## PROMPT
In the answer, transcribe exactly the lines from the beginning of the material through the line holding "Austin-Healey 100 White", and skip every picture.
------
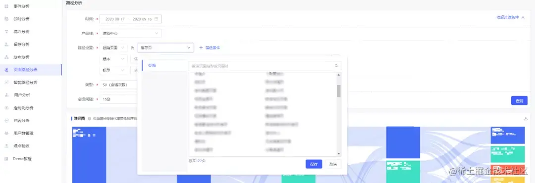 在场景对应到具体的技术方案设计上,我们将访问数据根据session划分,挖掘出用户频繁访问的路径;功能上允许用户即时查看所选节点相关路径,支持用户自定义设置路径的起点或终点,并支持按照业务新增用户/活跃用户查看不同目标人群在同一条行为路径上的转化结果分析,满足精细化分析的需求。
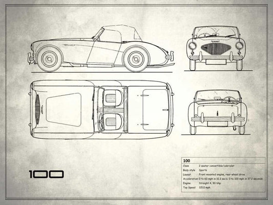 Austin-Healey 100 White White Modern Wood Framed Art Print with Double Matting by Rogan, Mark
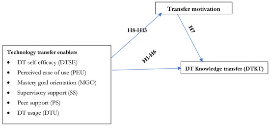 Minbaeva et al. [69] stress the importance of individual employees’ motivations to engage in knowledge absorption and transfer. Similarly, Na-Nan and Sanamthong [82] demonstrated the mediating effects of workplace support, transfer motivation, and transfer of training on the relationship between the self-efficacy and job performance of engineering alumni. In essence, transfer motivation could act as a mediator in the knowledge transfer process, influencing the extent to which knowledge is effectively applied. This is a microlevel (individual) consideration, as knowledge fundamentally resides in people and they may choose to share it or not [81]. In the context of the current study, digital technology end-users’ motivation is explored to provide an understanding of how this can lead to more efficient knowledge-sharing and application within AEC organisations. Its significance as a mediating effect on the digital knowledge transfer process is hypothesised as follows:
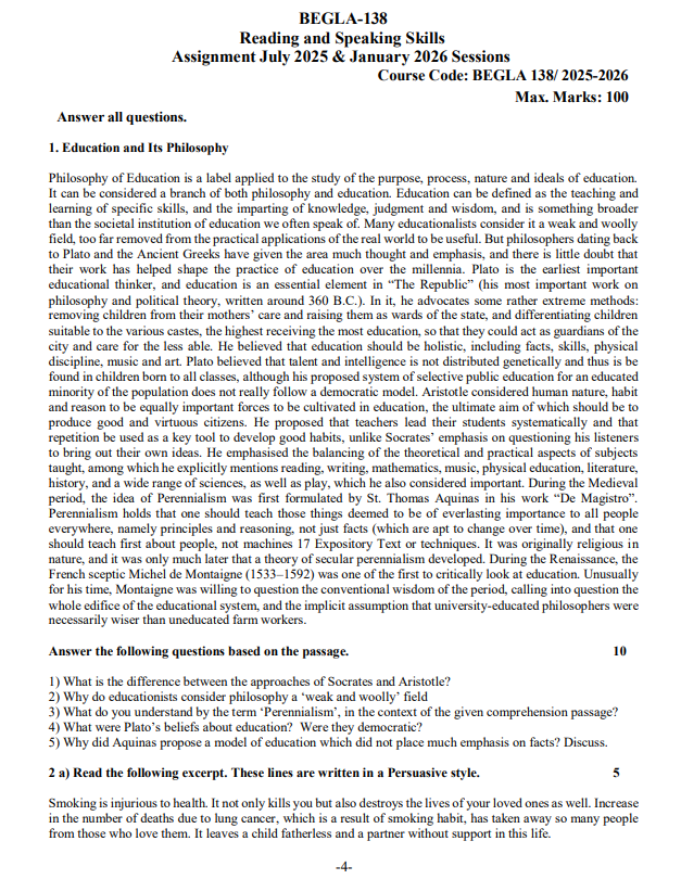 Title : BEGLA 138 : Reading & Speaking Skills Solved Assignment in English 2025-26
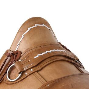Um Arreio da marca A Pantaneira modelo São José, utilizado em Muares e Cavalos, fabricado em couro nobre com detalhes em costuras reforçadas, tentos em couro nas laterais, assento em couro com tamanho livre de 18", travessão fixo, ferragens em aço inox, armação de ferro revestida em inervo, acabamento do suador com enchimento em capim e revestimento em couro com bordas em nylon costurado.
------
## RESULT OF THE TASK
 在场景对应到具体的技术方案设计上,我们将访问数据根据session划分,挖掘出用户频繁访问的路径;功能上允许用户即时查看所选节点相关路径,支持用户自定义设置路径的起点或终点,并支持按照业务新增用户/活跃用户查看不同目标人群在同一条行为路径上的转化结果分析,满足精细化分析的需求。
 Austin-Healey 100 White White Modern Wood Framed Art Print with Double Matting by Rogan, Mark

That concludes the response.